Auf den ersten Blick hat dieser Titel nichts mit dem Handwerk zu tun. Doch bei genauerer Betrachtung enthält er die perfekte Metapher für die Herausforderung, vor der viele Handwerksmeister heute stehen. Um die Generation Z zu erreichen, müssen Sie als Ausbilder selbst zum „Quereinsteiger“ werden – zum Quereinsteiger in eine neue Welt der Kommunikation, der Werte und der digitalen Werkzeuge. Sie brauchen dafür kein „Marketing-Studium“, genauso wenig wie der 45-Jährige ein Informatikstudium für den IT-Quereinstieg braucht.
Was Sie brauchen, ist die Bereitschaft, eine neue „Sprache“ zu lernen. Die Sprache der Gen Z besteht aus schnellen, visuellen Inhalten (TikTok), direkter und transparenter Kommunikation (WhatsApp) und der Suche nach Sinn und Flexibilität. Ihr „Quereinstieg“ gelingt, wenn Sie aufhören, diese Sprache zu bewerten, und anfangen, sie zu nutzen, um die Faszination Ihres Handwerks zu übersetzen.

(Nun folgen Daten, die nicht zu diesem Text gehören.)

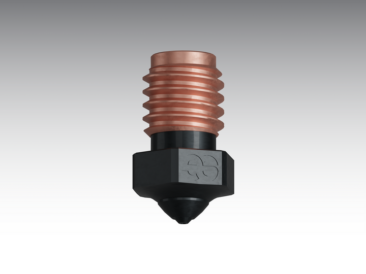 Die Silicon Carbide Düse erfüllt alle Druckanforderungen, egal ob Sie mit normalem PLA, PEEK oder sogar mit kohlenstofffaserverstärkten Materialien arbeiten. Hergestellt aus 99,9% hochreinem Siliziumkarbid, bietet die Düse eine hohe Temperaturbeständigkeit und außergewöhnliche Verschleißfestigkeit. Dies gewährleistet eine lange Lebensdauer von bis zu 550 Druckstunden, ohne dass es zu Abnutzungen an der Düsenöffnung oder der Düsenspitze kommt.

Ihr „neuer Werkzeugkasten“ sind nicht Hammer und Meißel, sondern Instagram, flexible Arbeitszeitmodelle und ein modernes Onboarding-Konzept. Der Erfolg des IT-Quereinsteigers hängt nicht von seinem Abschluss ab, sondern von seiner Fähigkeit, sich schnell neue Skills anzueignen und sich auf eine neue Kultur einzulassen. Genau das Gleiche gilt für Sie als Ausbilder. Ihr Meisterbrief ist das Fundament, aber Ihre Bereitschaft, neue Recruiting-Methoden zu lernen und anzuwenden, entscheidet über Ihre Zukunft.
Sehen Sie sich selbst als Pionier, der eine Brücke zwischen der traditionellen Welt des Handwerks und der digitalen Welt der nächsten Generation baut. Dieser „Quereinstieg“ in die Rolle eines modernen Ausbildungs-Marketers ist die anspruchsvollste, aber auch lohnendste Aufgabe. Es ist der Weg, um nicht nur einzelne Lehrstellen zu besetzen, sondern die Zukunft Ihres gesamten Betriebs zu sichern.
Beginnen Sie noch heute damit, eine dieser Strategien in Ihrem Betrieb umzusetzen. Testen Sie ein flexibles Arbeitszeitmodell, drehen Sie Ihr erstes TikTok-Video oder laden Sie zu einem digitalen Elternabend ein. Der erste Schritt ist der wichtigste, um im Wettbewerb um die besten Talente wieder die Führung zu übernehmen.